One of the things I had been looking forward to much of the year was my trip to Walt Disney World in September. But that is hardly news. What’s more was the new interactive card game featured in the Magic Kingdom that I’d been reading about for over a year: Sorcerers of the Magic Kingdom.

Despite the many articles I’d read about the game, it was still a bit of a hidden treasure of the park. There were a few discreet signs pointing you in the right direction to enlist, but there wasn’t much prominent billing for the game. This of course worked in my favor as it wasn’t a crowded event in the park. Though I did keep running into the same people as I went on my card adventures through the lands.

You start with a sealed pack of five cards (I got 10 because I made my dad play), a map, and a key card which stores your game much to my amazement. After a quick demo on how to interact with the video screens in the park, I was off!

Where you start on the map is random and so is which villain you’d be encountering first. As I saw others playing throughout the day, they were doing different things than I.

Keyholes are scattered through the park, each corresponding to a different symbol on the map. When you wave your key(card) in front of it, a video screen activates playing the next part in your adventure. Using the pack of spell cards you received you defeat the Disney villains and foil their plots.

In the videos you meet Merlin who needs your help and he sends you on your way through the adventures along with lots of familiar faces (good and evil). All the videos have a lot of humor to them as well as that spirited Disney magic!

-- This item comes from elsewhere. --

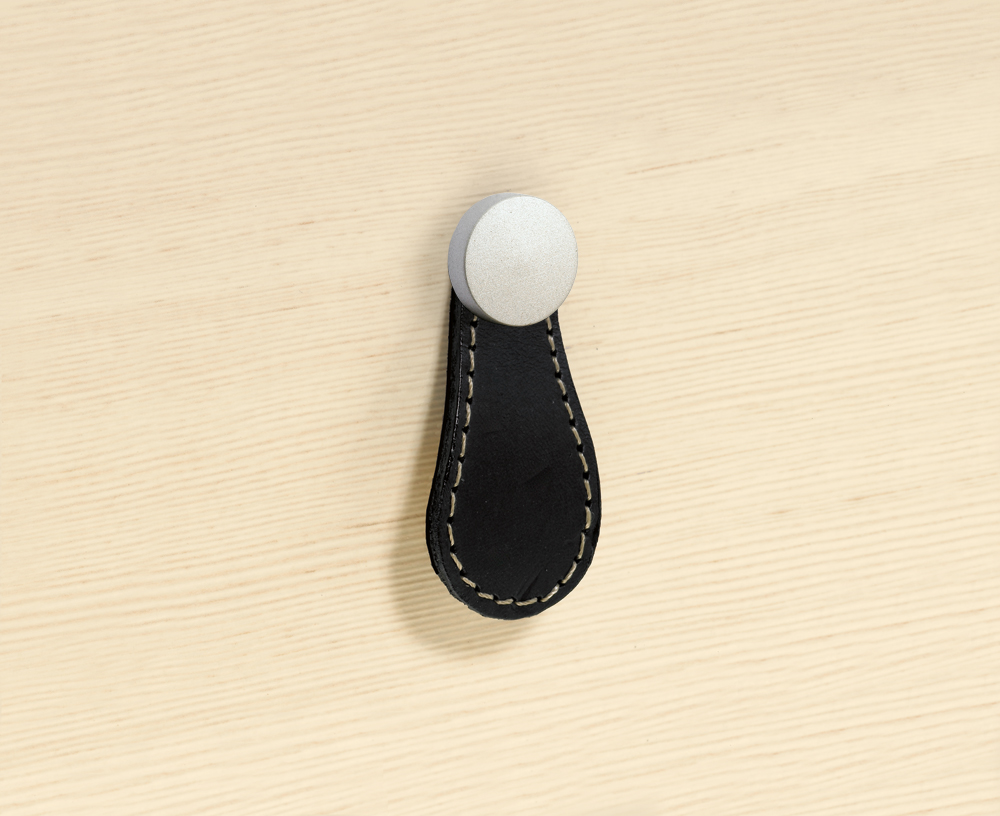 Kožená úchytka GALATI (kapka) kůže černá. Doobjednat krytku se speciálním montážním šroubem (376385 chrom mat, 187689 chrom, 187690 nikl mat, 187691 bronz antik ).

The mechanics are pretty straightforward. The screen will tell you when it is time to cast a spell, then you hold up a card which it senses and causes an effect on the screen. Each spell has a unique visual which was a lot of fun. If I had a spell card that corresponded to that particular villain (ex. I used Pumbaa when fighting Scar), I used that but I couldn’t tell if that had a greater effect or not.

Sometimes I had trouble with the sensors picking up that I was holding a card. And it can’t possibly be that I’m too tall! But generally it got it right. The villains can hurt you, but you don’t have life points or anything so it is sort of irrelevant.

The game is easy, being an all ages type thing, so it is more about the journey and seeing the story play out than it is about challenging yourself.

The range of cards already available, 70 currently in the regular set, was already broad and impressive. I just read about a special event card that can only be obtained by attending Mickey’s Not-So-Scary Halloween Party this year as well. The quality of the cards are wonderful; sturdy and with top-notch artwork. This is doubly impressive considering they were and remain free.

You can get new spell cards each day at the park as well as when you finish an entire scenario and defeat the nine Disney villains. As each encounter with a villain took three to five trips to various keyholes, it quickly became apparent that I would not defeat all nine villains in one day unless that was all I planned to do.

Having a distraction like this was fantastic! An entire other game you can play as you wander the park in between everything else is pretty cool. It also had the added benefit of getting me to explore these nooks and crannies of the Magic Kingdom that I hadn’t paid as much attention to before.

I can imagine if this game takes off more cards will quickly be added. Also though I didn’t get through the entire nine villains, I know there are more and new scenarios after you beat it once. So there is plenty of replay value.

The Sorcerers of the Magic Kingdom was a delightful addition to the park which satisfied the collector in me as well as the game player and Disney lover.